PRESQUE ISLE, Maine — This summer, Frank Kearney finds himself in a familiar routine, but one he’d rather not be in.

“We’re going into the dry time of the summer and you can tell by looking at the Aroostook River that it’s already low,” said Kearney, superintendent of the Presque Isle Utilities District.

The PIUD supplies drinking water to almost 6,000 people in Presque Isle from two river-fed wells drawing from a gravel aquifer that in turn is dependent on steady infiltration from the Aroostook River. In August of last year, during the height of a drought, Kearney was prepared to ask the PIUD’s customers to make voluntary cutbacks to water usage.

“I’m concerned earlier this year because it’s dry already,” Kearney said Wednesday. “For this time of year, it’s way below average.”

Each day, Kearney and other PIUD staff monitor the Aroostook River’s flow levels, via the National Weather Service’s Northeast River Forecasting Center.

On July 11, the river was flowing at 323 cubic feet per second, compared to the average for that date of more than 1,000 cubic feet per second, Kearney said. The record low for July 11 was 176 cubic feet per second in 1991.

Presque Isle Utilities District Manager Frank Kearney checks on the Aroostook River’s flow levels multiple times a day. The Aroostook River feeds gravel aquifers that supply drinking water to almost 6,000 people, and as of July, the river’s flow is less than half of the average for this time of year.
(Anthony Brino)

Aroostook County’s farms and gardens also could use rain, although Kearney, a former potato farmer, said that the area’s potato crops are so far looking excellent despite the recent dry spell and colder start to the growing season.

According to the U.S. Drought Monitor as of July 3, southern Maine and parts of western Maine were in a state of moderate drought, while portions of central and western Maine were considered abnormally dry. Northern and Down East Maine were not considered to be either, although according to the National Weather Service, northern Maine ended the month of June with slightly below-average precipitation.

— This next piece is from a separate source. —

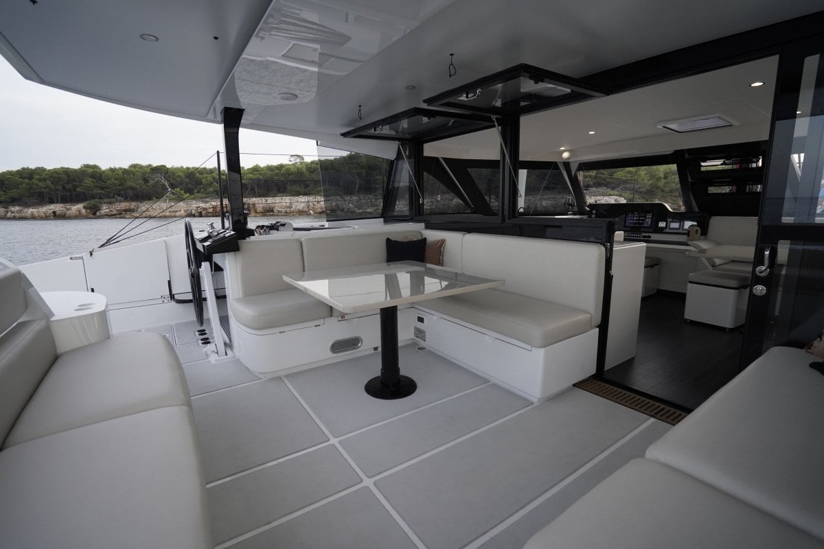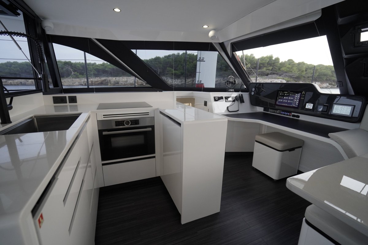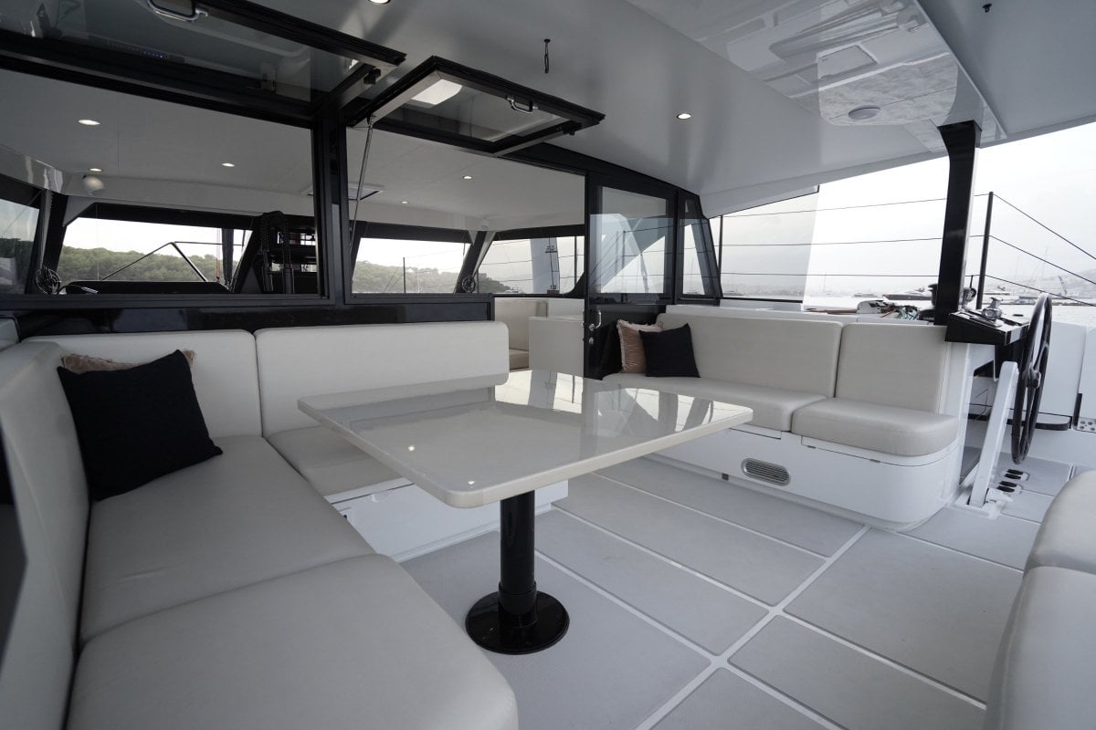 The SC already comes standard with eco-drive hybrid diesel / electric motors, lithium batteries, 4.1 kw of Solar, carbon fibre mast / longerong beam / daggerboards, and twin Jefa rotating wheel pedestals as to name a few inclusions, but this boat is fully spiced and loaded with optional extras, which you may choose to alter, but currently includes: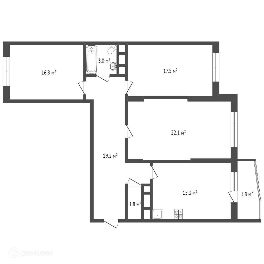 Отличная планировка: просторная кухня переходит в большую гостиную 37.4 кв.м. + 2 изолированные комнаты. Лоджия из кухни, есть гардеробная. Дом монолит-кирпич, квартира очень теплая.

For July, the outlook from the National Weather Service’s Climate Prediction Center forecast an increased likelihood of below-average rainfall and above-average temperatures.

Kearney said the low river levels this early in the driest parts of the year have him worried.

“It’s happening sooner than it did last year. I don’t know how much worse it can get than last year. We don’t want to panic quite so much, but we’re seeing the effect of the low river for sure.”

The PIUD has never had to ask its customers to take water conservation measures, but that always remains an option, Kearney said.

The PIUD started using the river-fed wells in 2005, after decades of using surface water — an unreliable source of clean drinking water — from the Presque Isle Stream.

The river-fed wells have been successful overall, but they are more subject to the river’s influence than engineers believed at the time, Kearney said.

The Caribou Utilities District also has river-fed wells, but they are set further back from the river and have better geologic conditions that make them much less exposed to low river levels, said Caribou Utilities District manager Hugh Kirkpatrick.

Kearney said the PIUD has begun an effort to add another well as an alternative source of drinking water to supplement the current wells.

“It would add some supply security,” he said.

Many water utilities in Maine have similar river-fed wells for drinking water, aside from the larger lakes that can supply a consistent clean water supply, Kearney said. Traditional groundwater wells are often insufficient for public drinking water supplies because they can contain metals such as arsenic and aren’t capable of drawing the large quantities needed for a public utility.

“A real good household well might yield five gallons a minute.” The PIUD pumps 600 gallons per minute to meet an average need of 1 million gallons a day, Kearney said.

The PIUD is in the early stages of the effort to add another well and is in discussions with a landowner.

“Developing a well can take at least two years and it would cost, my guess, $1 million easy,” Kearney said.

“I think we’ve got a better than 50-50 chance of getting a usable amount of water and all the water along the Aroostook River is good quality.”